> _Exercise goal_
Reproduce the listing below as it stands. Leave out each image.

Segment Start: Source material

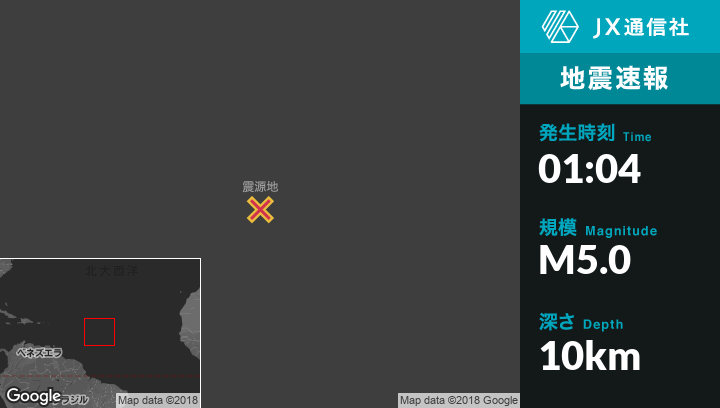 11月19日 01:04頃、フランス領ギアナのRemire-Montjolyから北東1364kmの地点でM5.0の地震がありました。
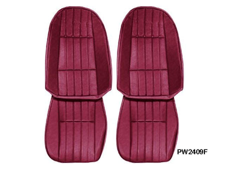 STANDARD Camaro front bucket seat trims.. front only.. with curved headrest as shown.. vertical sewing pattern.. as shown... used on 78-79 Camaro.
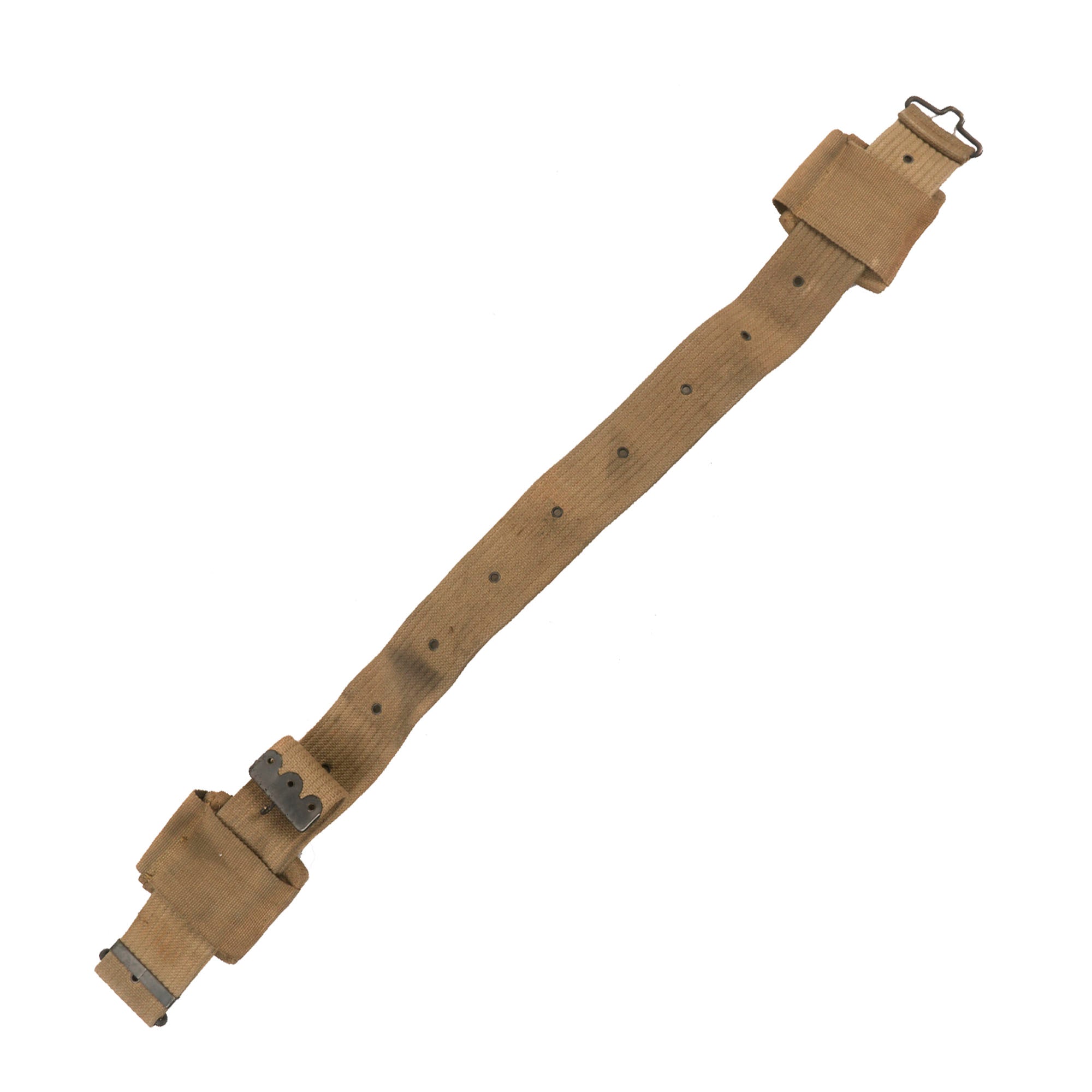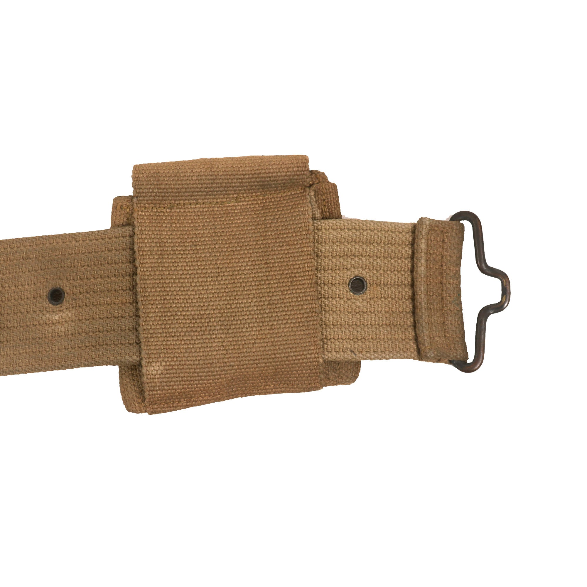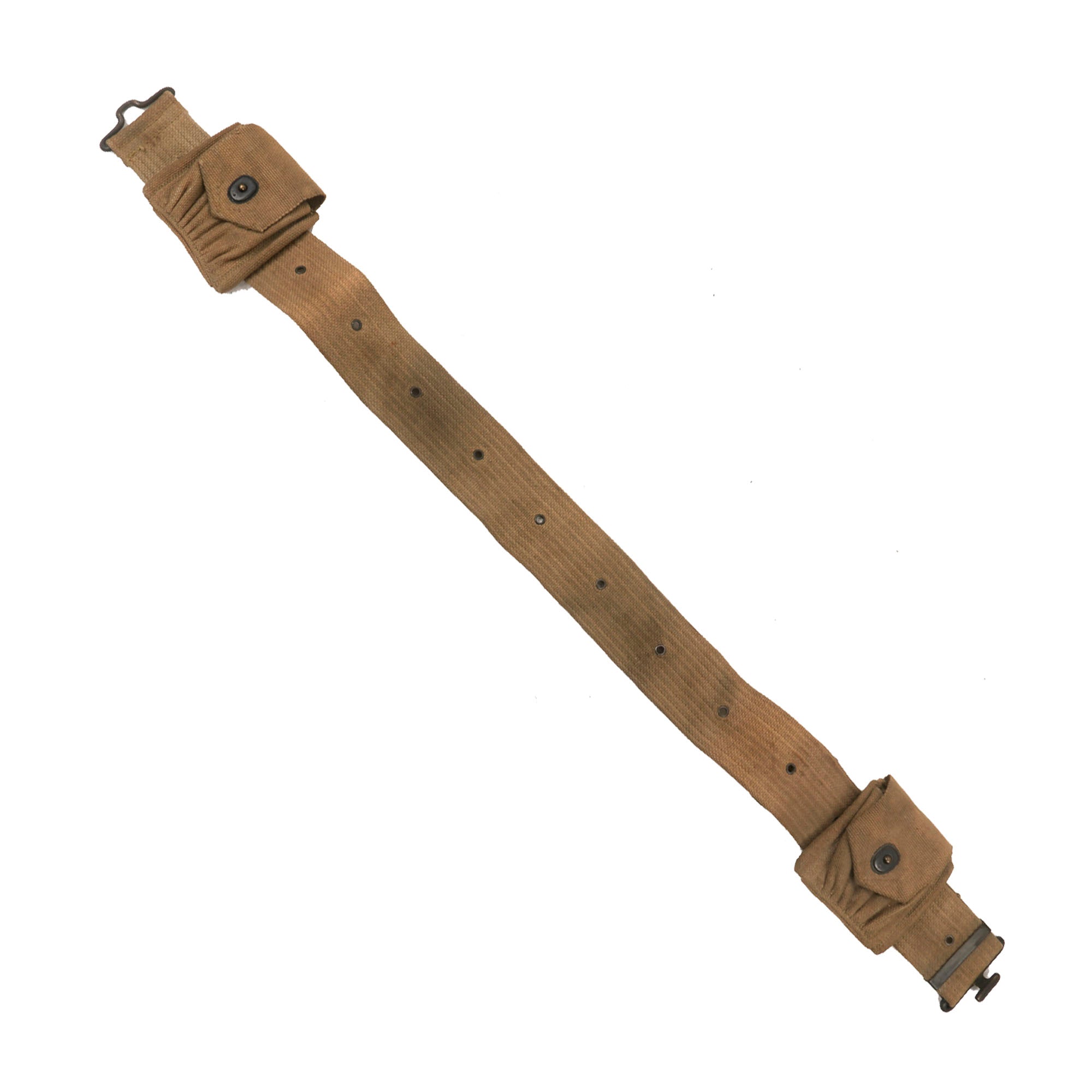 Original Item. Only One Available. This is a seldom-seen example of the M1917 Garrison belt with its original two ammunition pouches. This example is not maker-marked that we could find, which is not uncommon on these wartime examples.This is a dark tan canvas belt with a single line of adjusting grommets through the center of the belt. It has a bronze-finished T-buckle and clasp, with a single size adjusting tab on the interior. The snaps of the pouches are in good order, and there is a small fragment of a junior marksman card in one of the pouches.A lovely example, ready for further research and display.
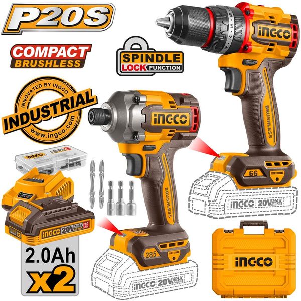 ΕΡΓΑΛΕΙΑ COMPACT ΜΠΑΤΑΡΙΑΣ 20V LI-ION ΣΕΤ 2 ΤΕΜ. INGCO CKLI20277E (TLS.391690)

Segment End: Source material

> _Answer for this exercise_
 11月19日 01:04頃、フランス領ギアナのRemire-Montjolyから北東1364kmの地点でM5.0の地震がありました。
 STANDARD Camaro front bucket seat trims.. front only.. with curved headrest as shown.. vertical sewing pattern.. as shown... used on 78-79 Camaro.
 Original Item. Only One Available. This is a seldom-seen example of the M1917 Garrison belt with its original two ammunition pouches. This example is not maker-marked that we could find, which is not uncommon on these wartime examples.This is a dark tan canvas belt with a single line of adjusting grommets through the center of the belt. It has a bronze-finished T-buckle and clasp, with a single size adjusting tab on the interior. The snaps of the pouches are in good order, and there is a small fragment of a junior marksman card in one of the pouches.A lovely example, ready for further research and display.
 ΕΡΓΑΛΕΙΑ COMPACT ΜΠΑΤΑΡΙΑΣ 20V LI-ION ΣΕΤ 2 ΤΕΜ. INGCO CKLI20277E (TLS.391690)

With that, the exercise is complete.